# Need help with a problem



## louiswin (Nov 4, 2010)

I really need someone to talk to about this.

I recently found out that my wife has been talking to a married man who is her co-worker. I looked at the phone records and found hundreds of text messages and phone calls with this man over the past 3-4 months. I confronted her about this and she said that it's purely a friendship. She did say that she had a sexual encounter with a different man she met through her job. She said that the male co-worker friend over-heard her talking to this man and called her out about this. She said that he tried to stop her, but she wouldn't listen. I can't help but to feel that this man is one and the same person. My wife says that she loves me and only wanted to try something different.

A couple of nights ago, I confronted her again about all of these text messages and phone calls with her co-worker. She said something happened a few months ago. We were over at her married male friend co-worker's house and there was a lot of drinking going on. Well, apparently, the two of them went into his bedroom when everyone else was asleep. He performed oral sex on her, but she said that she couldn't go through with the rest of it. She woke me up, she was crying and said that we had to leave. She said that few days later they got together to discuss what happened. She said that the both of them said it was a mistake and that they wouldn't do it again. I can't help but to think these two got back together behind my back. However, she said that she doesn't see him like that, only as a friend. Again, my wife has repeatedly said that she loves me and only me.

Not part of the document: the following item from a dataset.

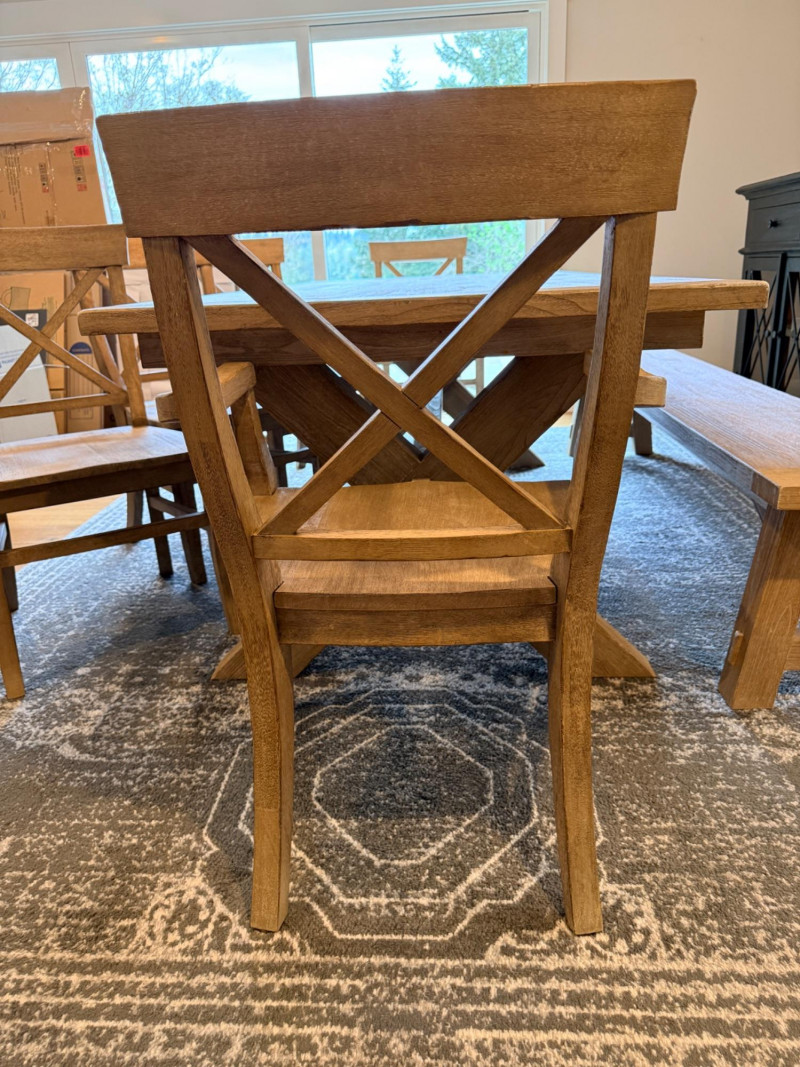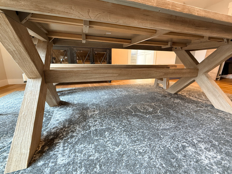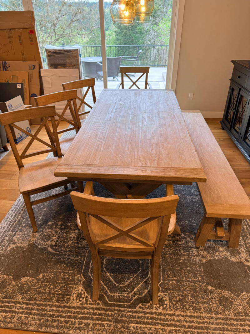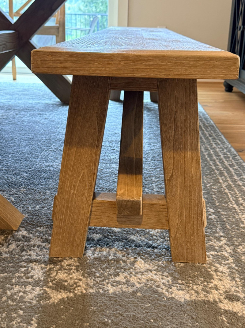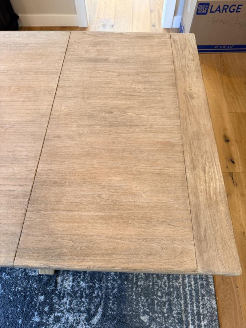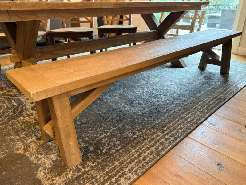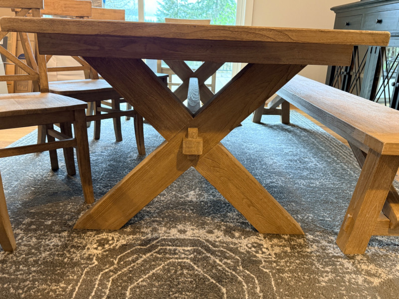 Pottery Barn Toscana Extendable Dining Table, Chairs & Bench. Toscana Extendable Dining Table, Seadrift, 88.5" - 124.5" (2 end of table leaves) Toscana Dining Bench, 88.5"L x 14"W, Seadrift Aaron Dining Arm Chair, Seadrift, Set Of 2 Aaron Dining Side Chair, Seadrift, Set Of 2 Currently available at PotteryBarn.com or click this direct link: Pottery Barn Table and Chairs Quality Pottery Barn furniture.
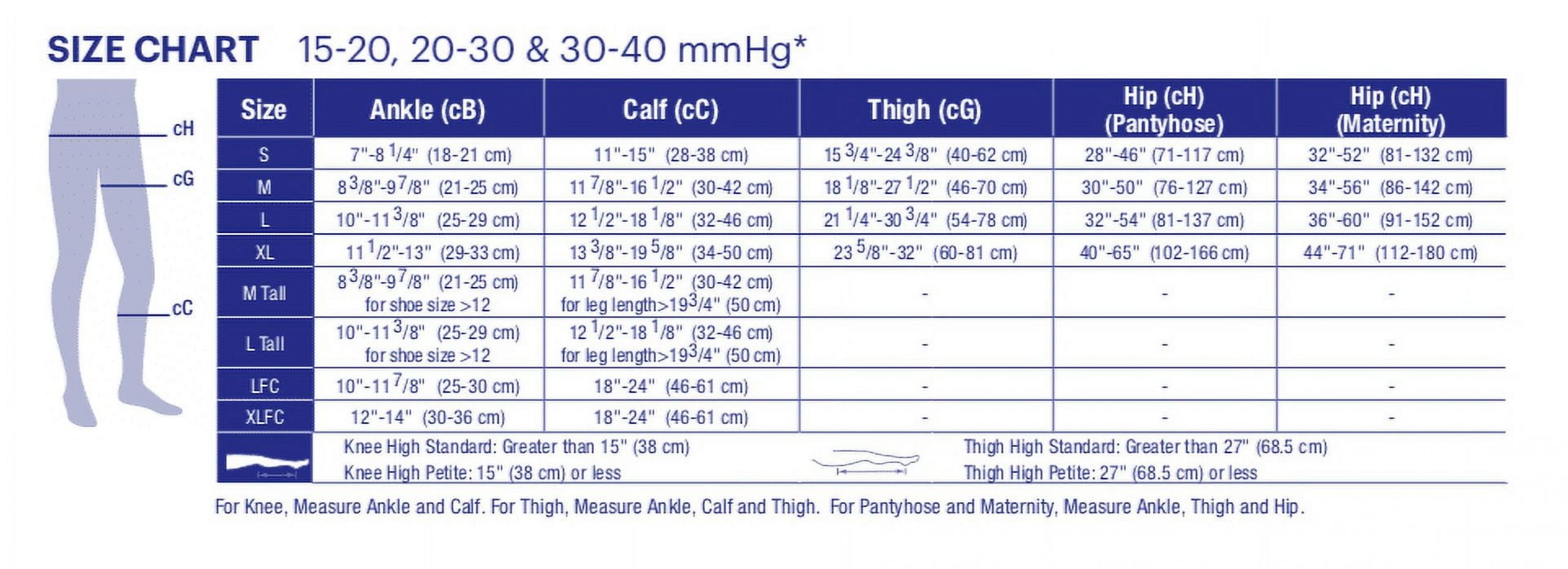 - offer a good fit and maintain the pressure profile across the extensive size range found in the size chart

What makes it more difficult is that my wife and I have been talking about having an open relationship to see if it would spice up our sex life. This of course has back-fired now and has created a lot of tension between my wife, her co-worker, and me. I don't know what to believe. All of this has turned my stomach.

To make matters worse, she had an affair back in our early days too, when we were barely 2 years into our marriage. My wife and I have been married for over 21 years now and these recent findings are really bothering me. I love this woman and that's what makes this so hard to deal with.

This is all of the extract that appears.